Although the new EU guidelines are specific to the advertising industry, they highlight the increasing rigidity of EU privacy laws. These laws have significant implications for litigation based in the United States.
Gathering Evidence for U.S. Litigation
Collecting evidence for U.S. litigation among domestic states can be a challenging task. The task becomes backbreaking when dealing with EU nations. While not an impossible endeavor, it does require that attorneys become familiar with the requirements of EU data privacy law to ensure that data will be available upon request. Doing so will ensure that an e-discovery demand won’t expose their clients to prosecution for violation of EU data privacy laws.
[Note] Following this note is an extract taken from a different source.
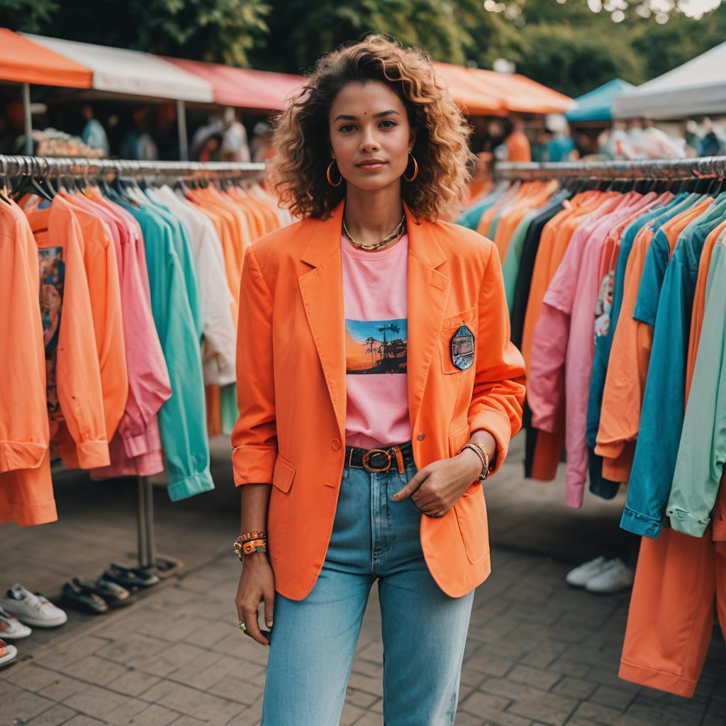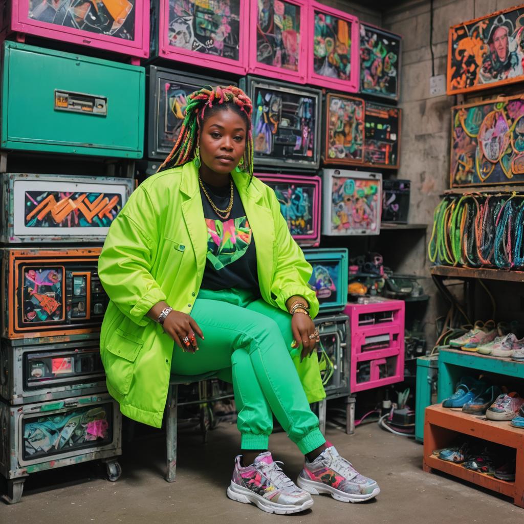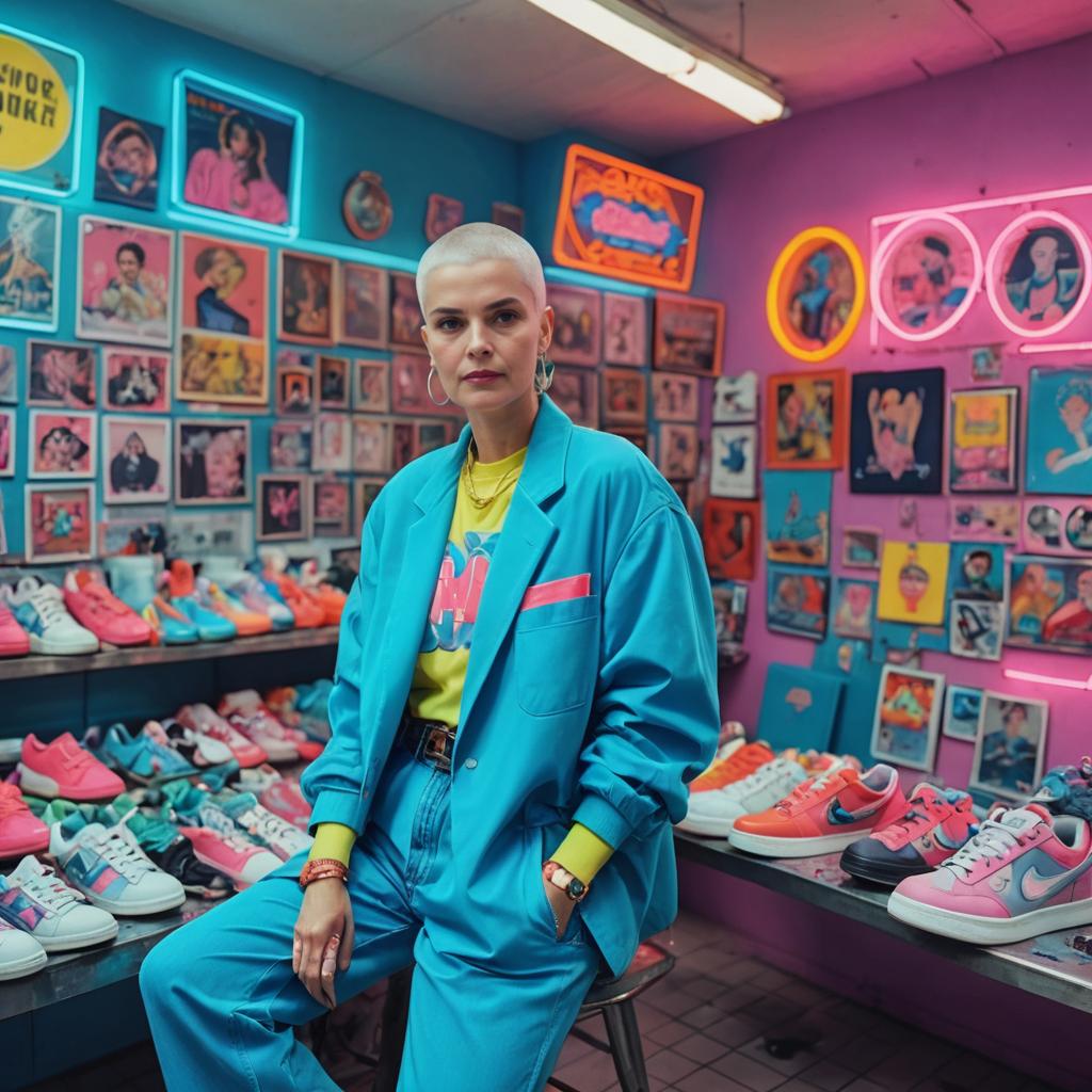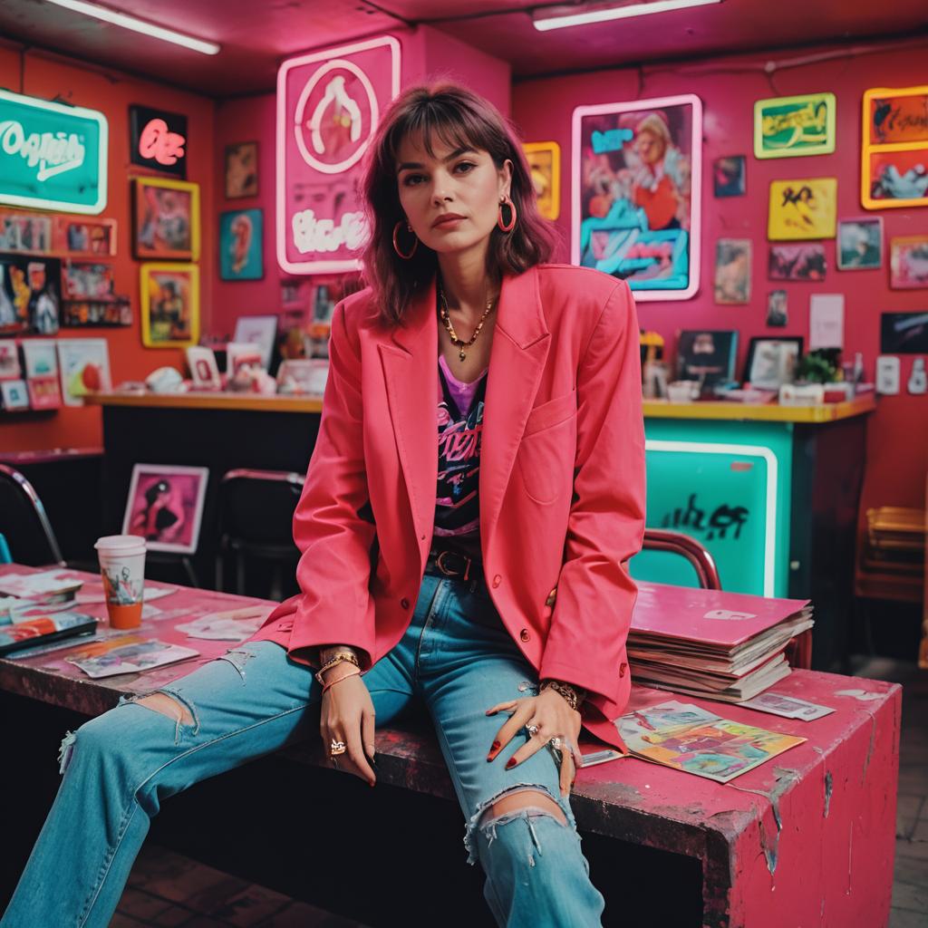 Slim blonde woman wearing an oversized crimson blazer with shoulder pads, black turtleneck, mint green acid-wash distressed jeans, and bright pink high-top ankle boots, seated at a neon-lit corner cafe with vibrant colorful walls and retro decor.

Any litigation reaching the European continent promises to frustrate and confound with a level of complexity not normally present in a purely American lawsuit. It is imperative that counsel confer with their clients as to the laws that will govern data created in the EU.
This will guide clients in implementing procedures designed to streamline the flow of data should litigation ever occur. It is equally essential to have access to lawyers versed in European law when litigation does arise. In this manner, the e-discovery can be conducted in the EU itself, which will limit the risk of any liability for violation of its data privacy laws.
European Union Privacy Laws
Privacy laws in the European Union derive from EU Directive 95/46/EC and protect personal data from disclosure in virtually all cases. The protection afforded by this directive is in sharp contrast to Federal Rule of Civil Procedure 26, which mandates that parties disclose relevant information regarding “any matter not privileged.”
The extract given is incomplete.